▶ _PROVIDED DATA_
###

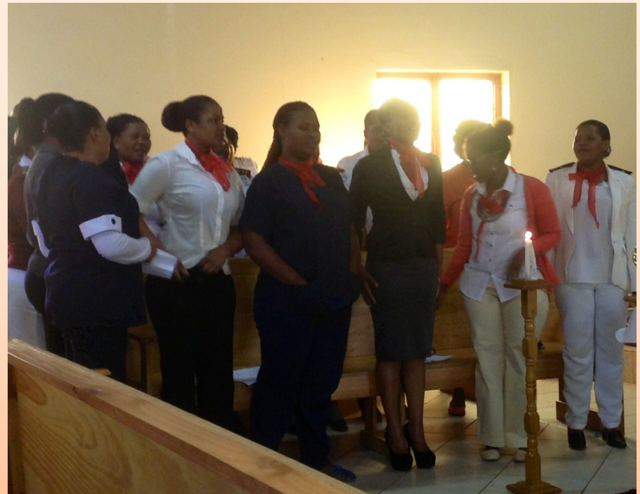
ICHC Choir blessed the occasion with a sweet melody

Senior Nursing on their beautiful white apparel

###

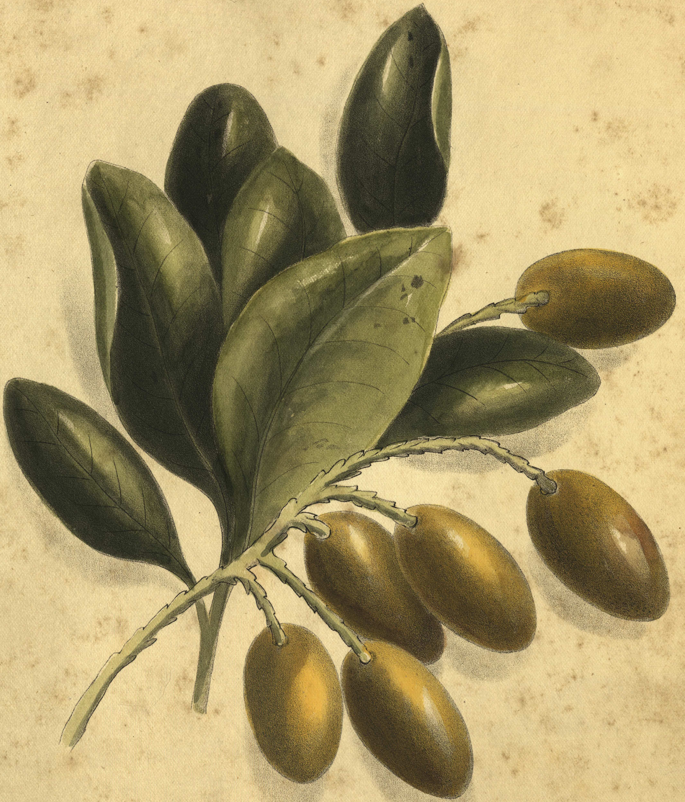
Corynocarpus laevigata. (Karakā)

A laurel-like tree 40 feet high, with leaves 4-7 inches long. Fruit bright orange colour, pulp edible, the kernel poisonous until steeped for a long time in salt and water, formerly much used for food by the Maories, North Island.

###

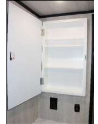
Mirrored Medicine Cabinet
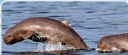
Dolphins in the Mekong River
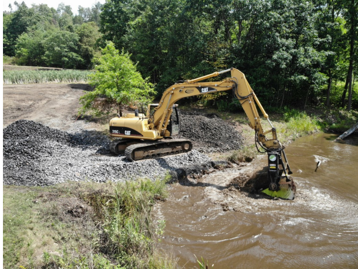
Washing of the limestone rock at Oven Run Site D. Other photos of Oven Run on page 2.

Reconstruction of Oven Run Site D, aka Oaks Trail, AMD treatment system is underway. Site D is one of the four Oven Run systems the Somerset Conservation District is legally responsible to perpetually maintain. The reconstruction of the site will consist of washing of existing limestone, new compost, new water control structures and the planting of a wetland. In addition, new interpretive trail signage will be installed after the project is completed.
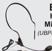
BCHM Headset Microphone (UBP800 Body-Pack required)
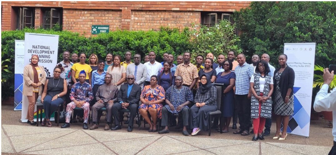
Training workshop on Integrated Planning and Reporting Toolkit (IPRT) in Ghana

###

▶ _PROBLEM DESCRIPTION_
For the word "with", show every line of the entries that holds it.

▶ _SOLUTION_
ICHC Choir blessed the occasion with a sweet melody
A laurel-like tree 40 feet high, with leaves 4-7 inches long. Fruit bright orange colour, pulp edible, the kernel poisonous until steeped for a long time in salt and water, formerly much used for food by the Maories, North Island.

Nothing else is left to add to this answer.